Garrett wants to make a circular pond in his yard and put a low fence around the edge. What is the largest area pond Garrett can make if he has 136 feet of fencing?
A.
21.66 square feet
B.
468.98 square feet
C.
1472.61 square feet
D.
14,519.36 square feet
Please help, I suck at math -w-
I can't really give what answer I think because I don't have one. I'd just be guessing x-x
C = pi * d
136 = 3.14 * d
136/3.14 = d
Solve for d
A = pi * r^2
Not to worry, I'm here to help you! To determine the largest area pond Garrett can make with 136 feet of fencing, we need to use some mathematical equations.
The area of a circle can be found using the formula A = πr^2, where A represents the area and r represents the radius of the circle.
To find the radius, we need to know the circumference of the pond.

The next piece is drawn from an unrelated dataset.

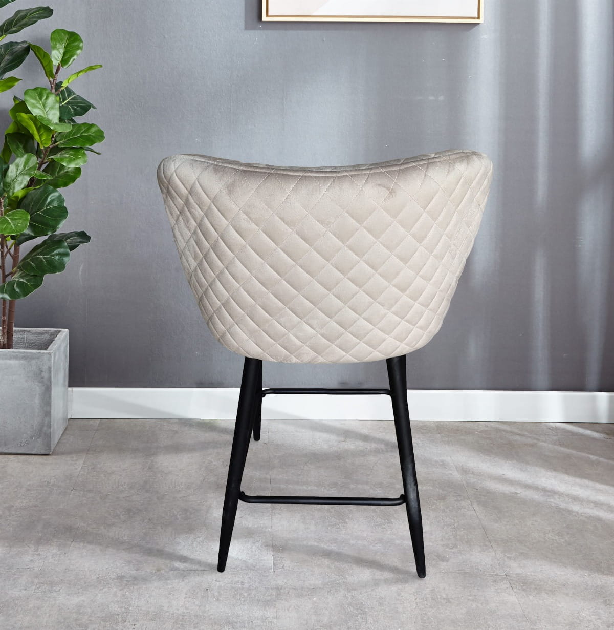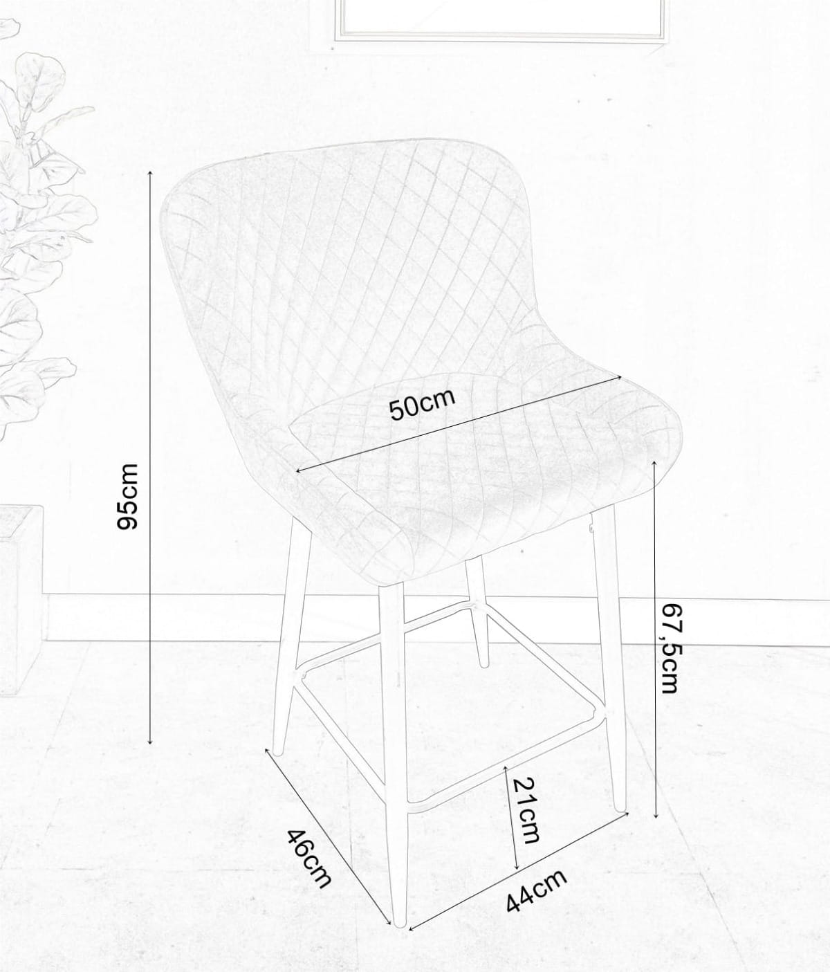 Hoker nasz doskonale nadaje się do wnętrz w stylu skandynawskim, i nowoczesnym. Wykonane z wytrzymałej tkaniny welurowej typu velvet w kolorze beżowym, krzesło będzie się pięknie wyróżniało na tle każdego pokoju a jednocześnie nie będzie przytłaczało wystroju dzięki swojej lekkiej formie. Stabilna metalowa podstawa malowana proszkowo na kolor czarny, cechuje się wysoką odpornością na uszkodzenia i trwałością na długie lata.
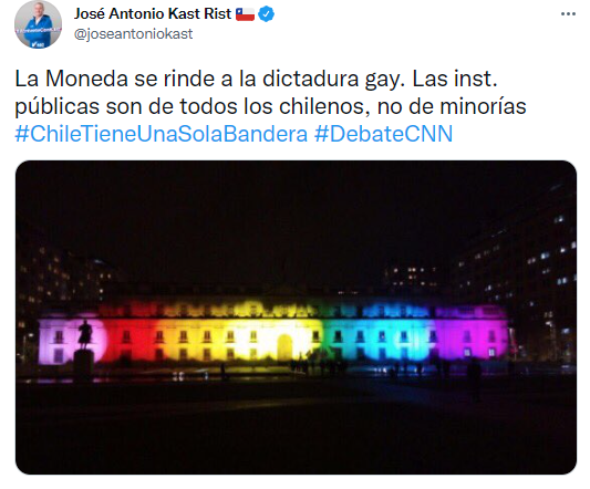 Kast se ha opuesto a todos los avances LGBTIQ+, promueve caricaturas como la "dictadura gay" y teorías conspirativas como la "ideología de género", además de atacar la identidad de género de Daniela Vega e Ignacia Livingstone.

The circumference of a circle can be found using the formula C = 2πr, where C represents the circumference and r represents the radius.
In this case, the circumference of the pond is given as 136 feet, so we can set up the equation:
136 = 2πr
Now, we can solve for r by dividing both sides of the equation by 2π:
r = 136 / (2π)
Next, we can substitute this value of r into the area formula to find the largest area pond Garrett can make:
A = π(136 / (2π))^2
Simplifying further, we have:
A = π(136^2) / (4π^2)
A = 136^2 / (4π)
Calculating this value, we get:
A ≈ 1472.61 square feet
So, the largest area pond Garrett can make with 136 feet of fencing is approximately 1472.61 square feet.
Therefore, the correct answer is C. 1472.61 square feet.